Oliver Heger updated CONFIGURATION-384:
---------------------------------------
    Fix Version/s:     (was: 2.0)
                   2.x

> ConfigurationException is a checked exception; should be unchecked
> ------------------------------------------------------------------
>
>                 Key: CONFIGURATION-384
>                 URL: https://issues.apache.org/jira/browse/CONFIGURATION-384
>             Project: Commons Configuration
>          Issue Type: Wish
>    Affects Versions: 1.6
>            Reporter: mjh
>            Priority: Minor
>             Fix For: 2.x
>
>
> There's a movement in the field to simplify Java development by using unchecked Exceptions rather than checked Exceptions. Most notably this approach has been championed by Rod Johnson (J2EE without EJB, Spring Framework) and Bruce Eckels (Thinking in Java). In the last 2 years, popular libraries like Spring Framework and Hibernate 3.0 have used unchecked exceptions.
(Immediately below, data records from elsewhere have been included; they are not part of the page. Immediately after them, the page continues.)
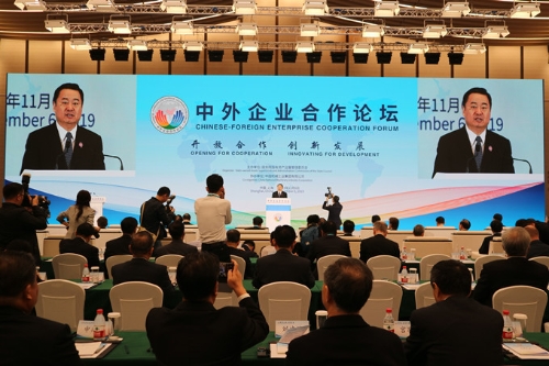 6日上午,中外企业合作论坛在国家会展中心(上海)正式举行。论坛分为嘉宾致辞、见证签约和对话三个单元。单元一由中央企业交易团团长、国资委副主任任洪斌主持,国资委党委书记、主任郝鹏发表题为《坚持开放合作 携手创新发展》的主旨演讲。联合国贸易和发展会议秘书长穆希萨·基图伊,上海市委副书记、市长应勇,希腊海运与岛屿政策部部长亚尼斯·普拉基奥塔基斯,国际电工委员会主席、中国华能董事长舒印彪分别致辞。有关中央企业负责人参与签约和对话环节。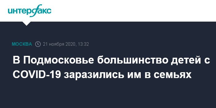 Москва. 21 ноября. INTERFAX.RU - Большинство заболевших COVID-19 в Подмосковье детей инфицировались в кругу семьи, сообщила младший научный сотрудник отделения детских инфекционных болезней МОНИКИ имени М. Ф. Владимирского Татьяна Сташко.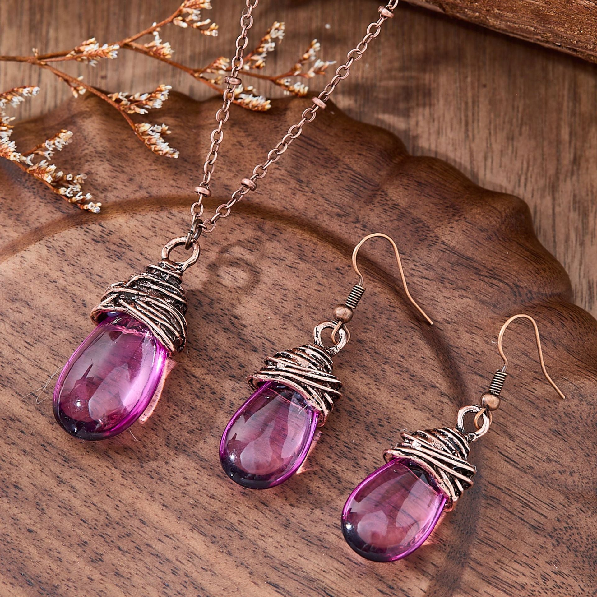 Wholesale Retro Water Drop Lantern Alloy Earrings Necklace Set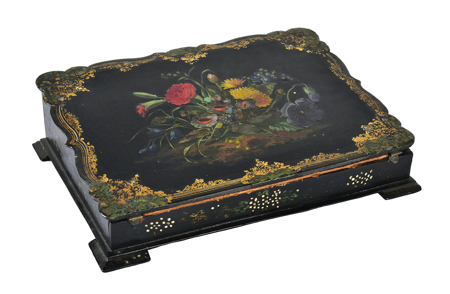 A VICTORIAN PAINTED AND MOTHER OF PEARL INLAID PAPIER MACHE WRITING COMPENDIUM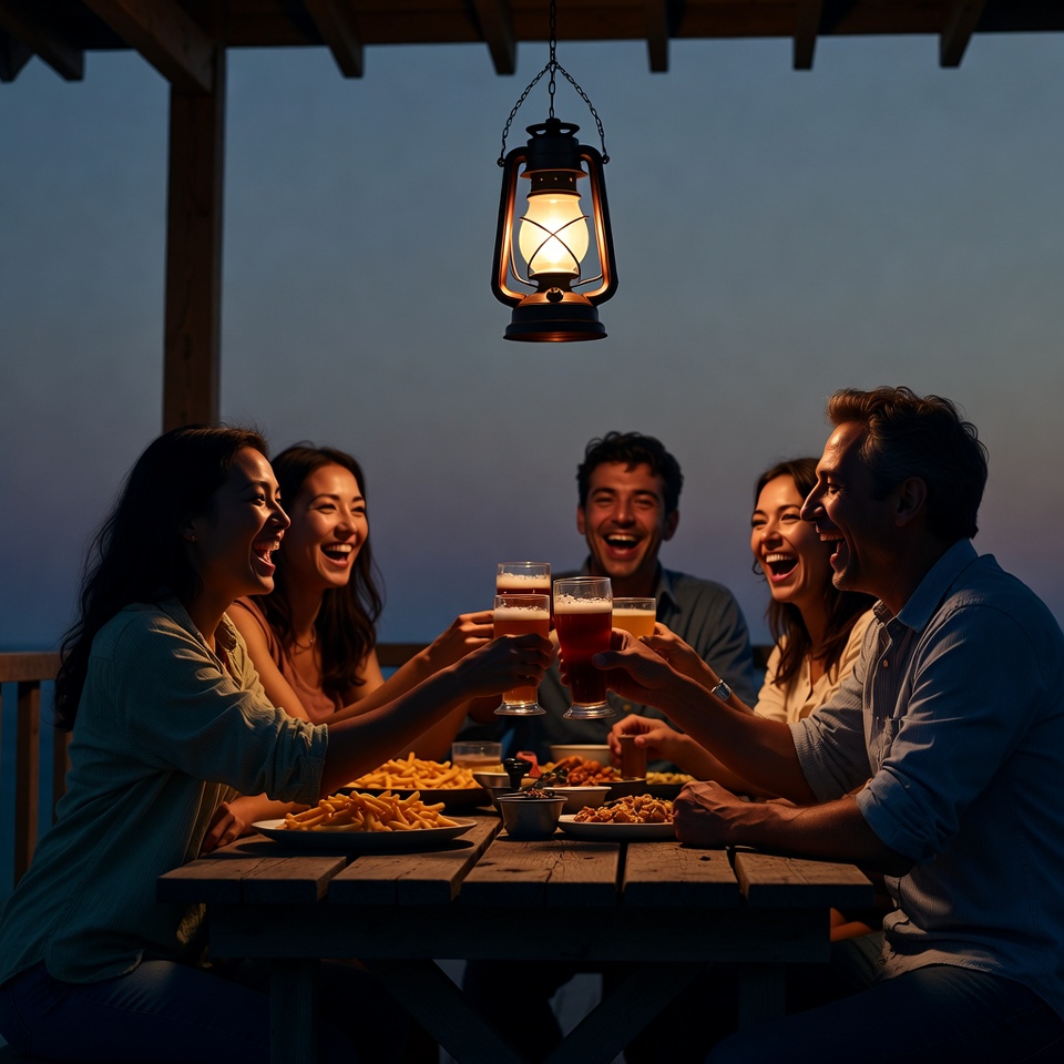 A diverse group of six adults, including Asian and White men and women, cheers with glasses of beer around a wooden table on a wooden patio at dusk. They laugh joyfully while surrounded by plates of french fries and other food. A hanging lantern illuminates the evening scene above the table.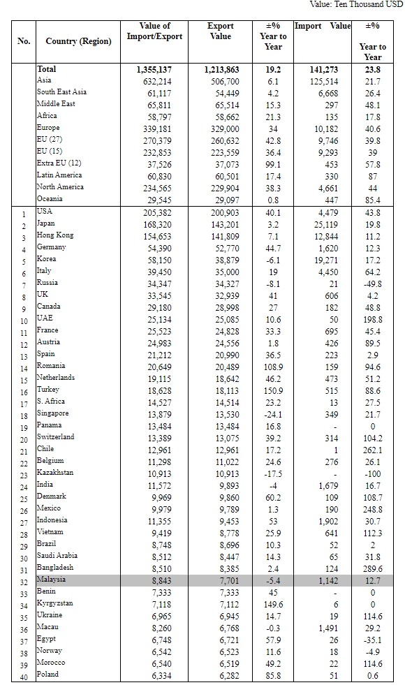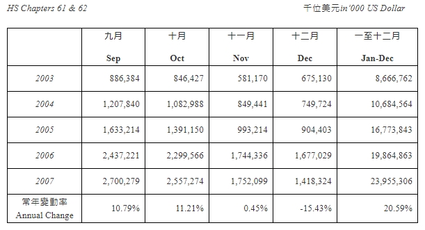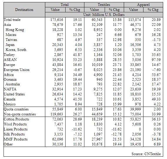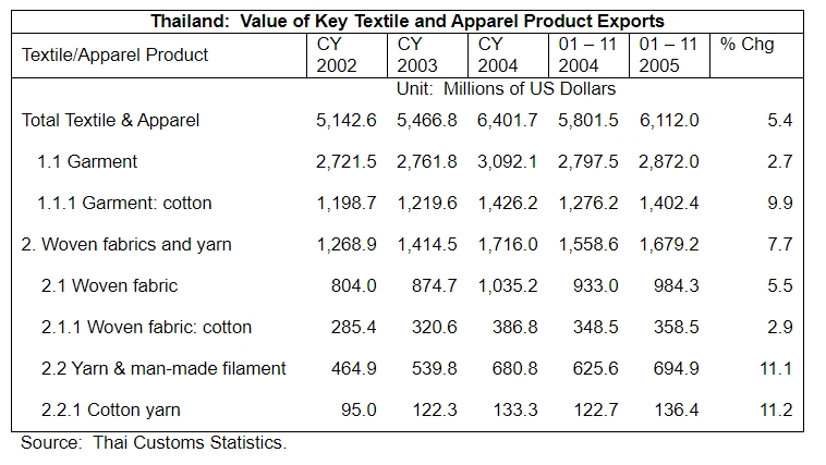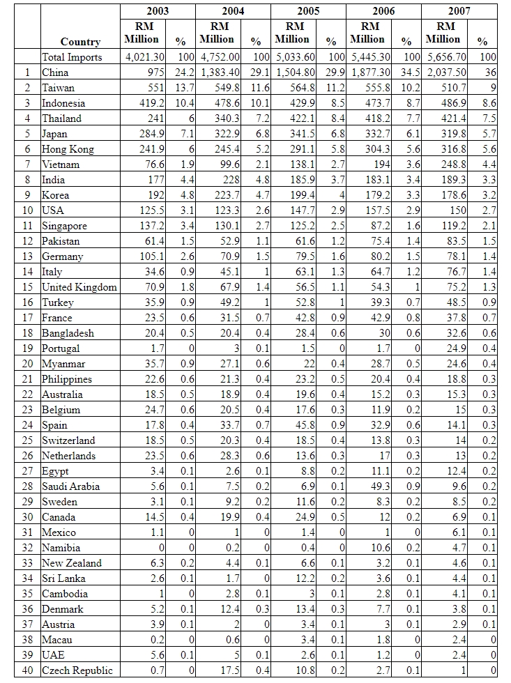 Major sources of imports for textiles and apparel products were China of RM1.6 billion or 35.6% of total imports. Taiwan was next with RM427.8 million followed by Thailand (RM378.3 million), Indonesia (RM314.3 million) and Japan (RM288.2 million).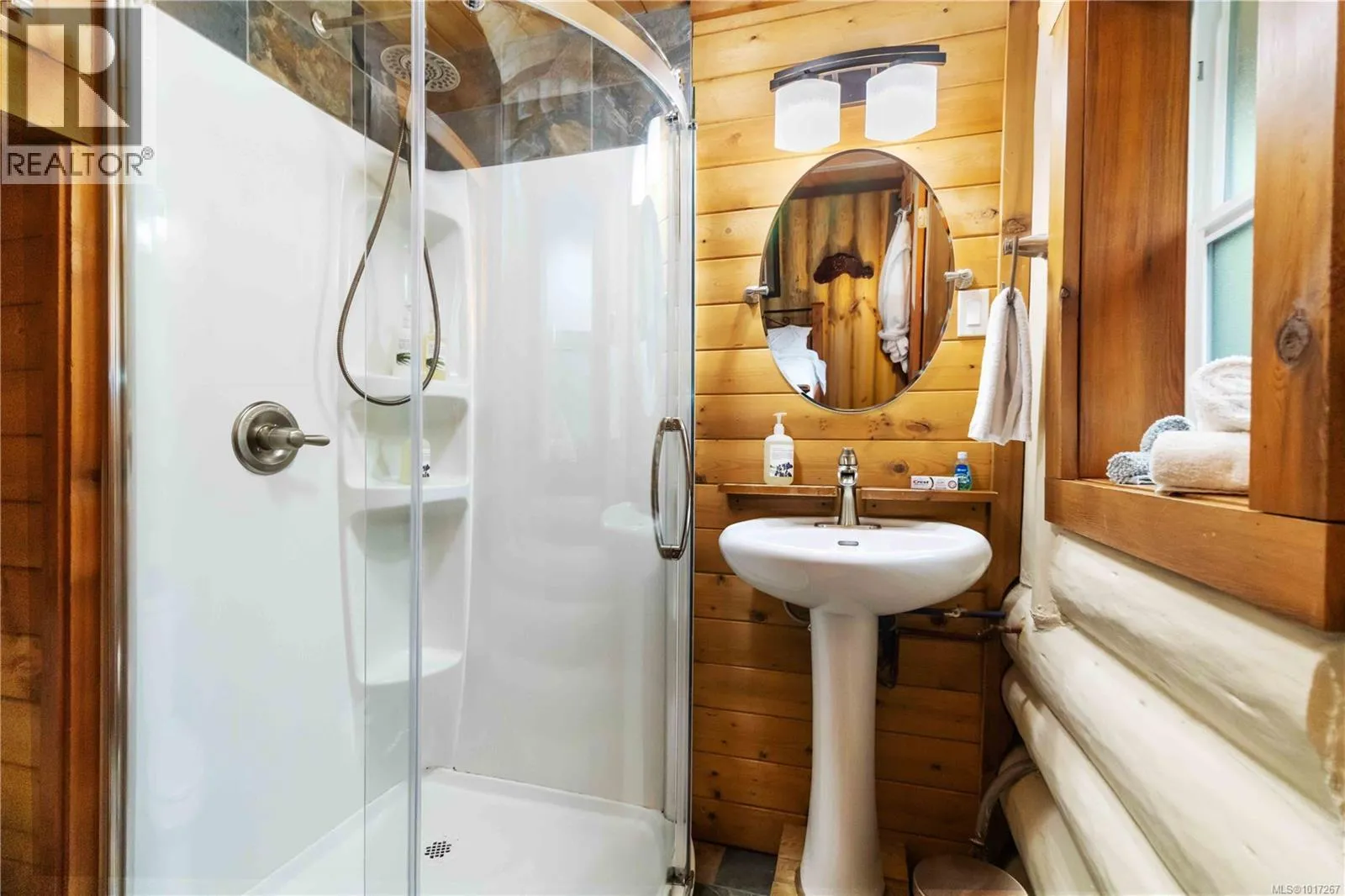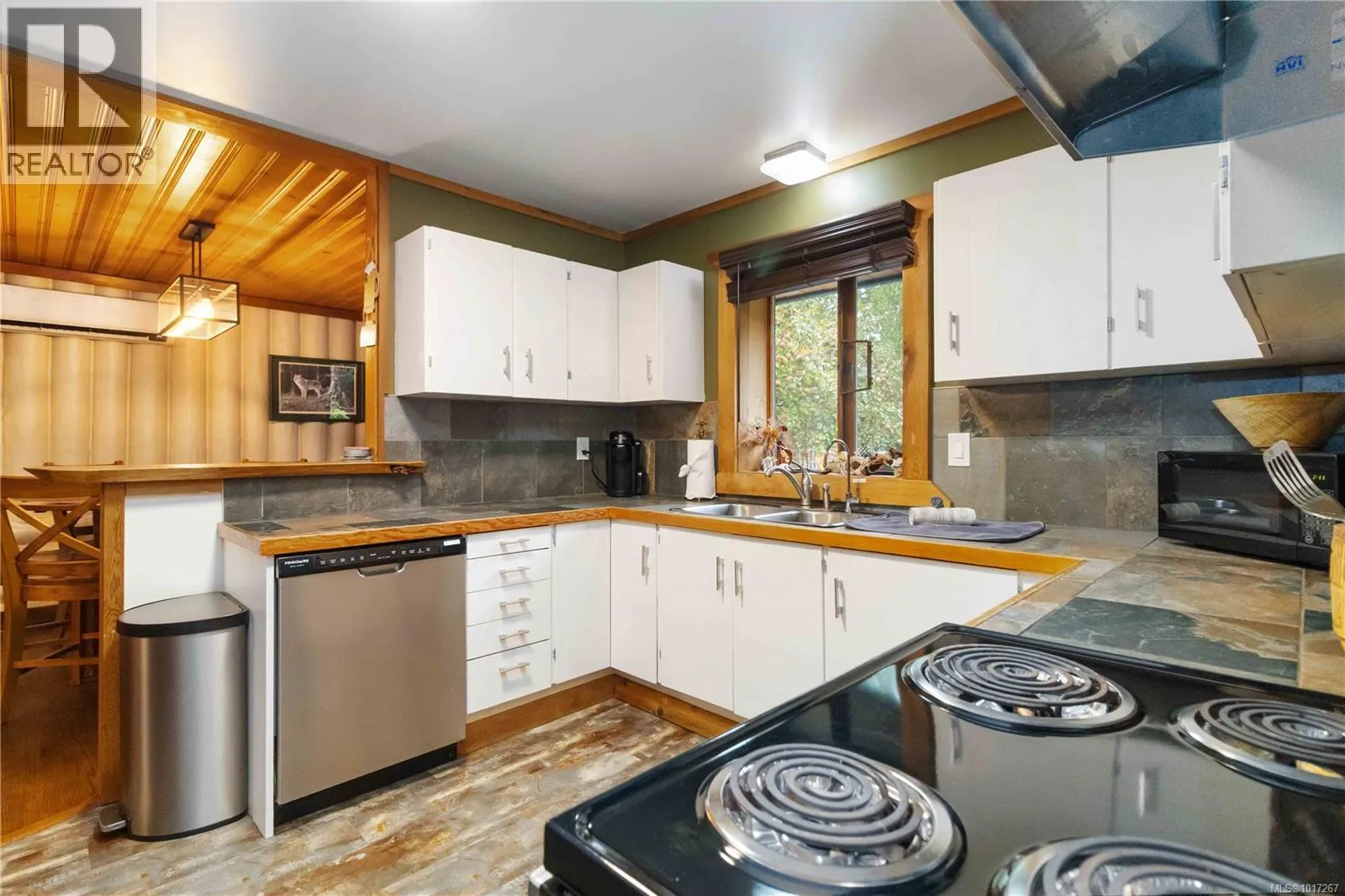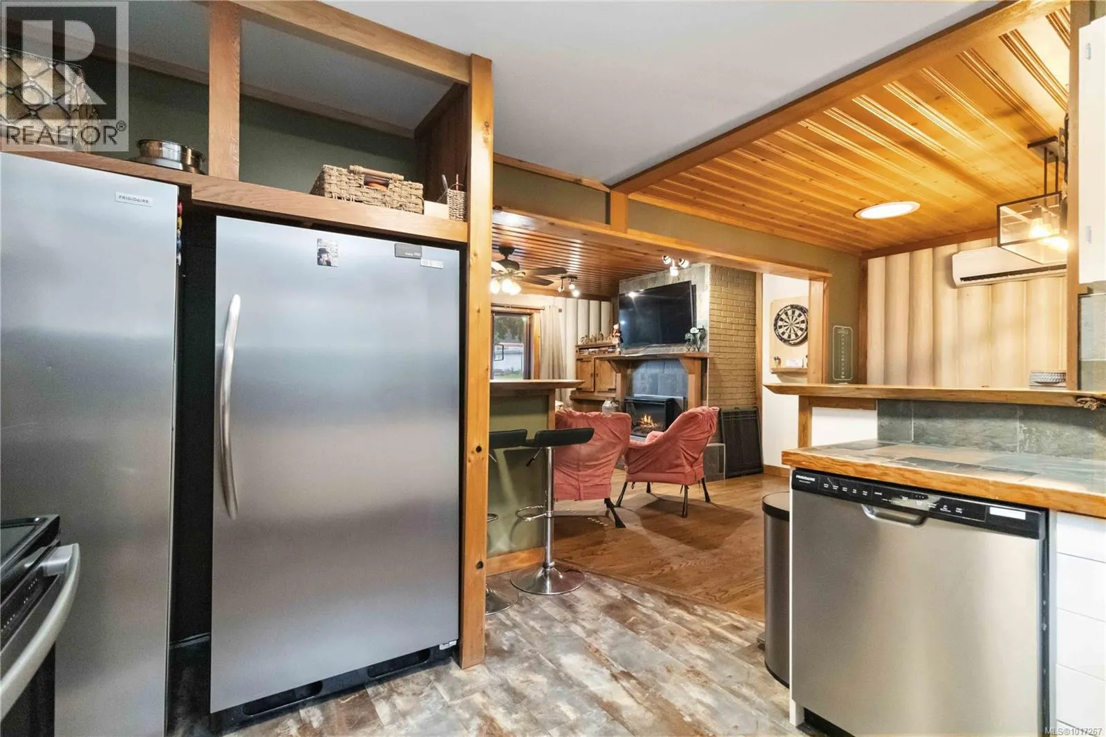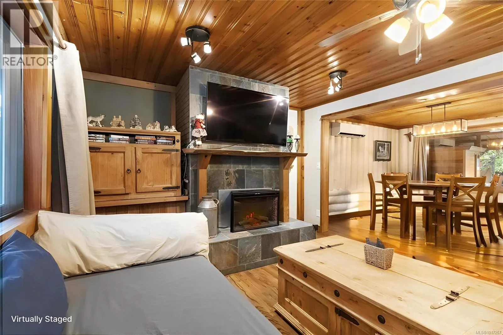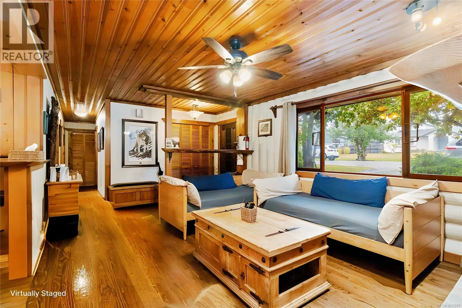 Welcome to this custom Scandinavian log home, a truly special 3-bedroom retreat where timeless craftsmanship meets modern comfort. Thoughtfully updated throughout, it features original hardwood floors, solid wood ceilings, and striking log detailing that create a warm and inviting atmosphere. Two electric fireplaces add cozy charm, and the heat pump ensures comfortable warmth throughout the home. The open layout makes everyday living effortless, extending naturally to a beautifully landscaped and fully fenced backyard with cedar fencing. Enjoy your own private oasis complete with a cedar sauna, cedar hot tub, tranquil pond, and mature fruit trees. The property is ideal for downsizers seeking single level living with both space and character. A charming Studio in the back offers extra room for, or a quiet hideaway, complete with its own fully fenced yard. This home captures the essence of relaxed West Coast living, ready for you to move in and enjoy. (id:27476)

> Quote from the DeveloperWorks article listed below:
> "Some exceptions are basically secondary return codes (which generally signal violation of business rules), and some are of the "something went horribly wrong" variety (such as failure to make a database connection). Johnson advocates using checked exceptions for the first category (alternative return codes), and runtime exceptions for the latter category. In the "something went horribly wrong" category, the motivation is simply to recognize the fact that no caller is going to effectively handle this exception, so it might as well get propagated all the way up the stack with the minimum of impact on the intervening code (and minimize the chance of exception swallowing)."
> I have listed this as a bug rather than an improvement as it is common for developers to simply wrap configuration sections in a try { .. } catch ( ConfigurationException ignore ) {}, which inevitably leads to buggy code further down the line.Even if the ConfigurationException is caught, it is likely to be wrapped in a RuntimeException subclass for reporting, which is also unnecessarily obtuse.
> It makes sense for this Exception to be unchecked (RuntimeException subclass) so that developers can decide whether the exception condition is worthy of catching or should be allowed to propagate as best suits their application.